Stored items from a collection
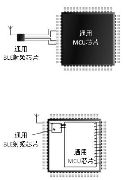 兩顆芯片通過PCB模組或合封的方式來完成功能組合。這一工作可以通過MCU或射頻芯片原廠來完成,也可以通過方案商來完成。射頻芯片廠家
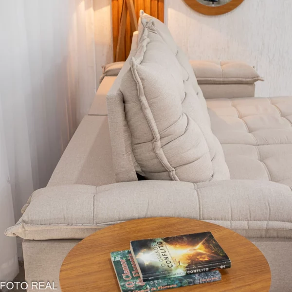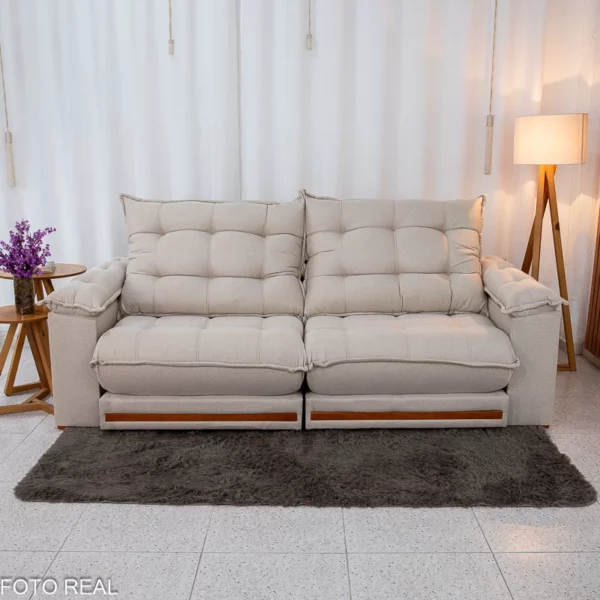 Sofá Retrátil Reclinável Barcelona 2.30m Linho Bege 459 – D33 e Molas Ensacadas Pocket
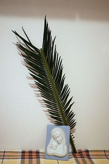 この日、教会ではひとりひとりに棕櫚の枝が配られ
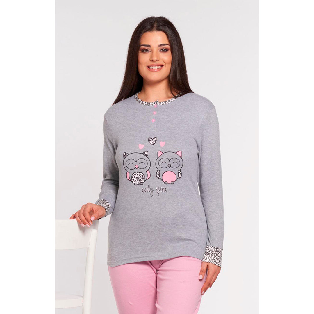 Pigiama donna manica lunga e pantalone lungo con bordi in 100% caldo cotone, vestibilita' regolare
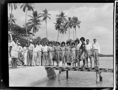 Group on the wharf at Malan Anchorage, Vanua Levu, Fiji

Exercise directions
The data is to be restated word for word, with any pictures set aside.

Answer box
 兩顆芯片通過PCB模組或合封的方式來完成功能組合。這一工作可以通過MCU或射頻芯片原廠來完成,也可以通過方案商來完成。射頻芯片廠家
 Sofá Retrátil Reclinável Barcelona 2.30m Linho Bege 459 – D33 e Molas Ensacadas Pocket
 この日、教会ではひとりひとりに棕櫚の枝が配られ
 Pigiama donna manica lunga e pantalone lungo con bordi in 100% caldo cotone, vestibilita' regolare
 Group on the wharf at Malan Anchorage, Vanua Levu, Fiji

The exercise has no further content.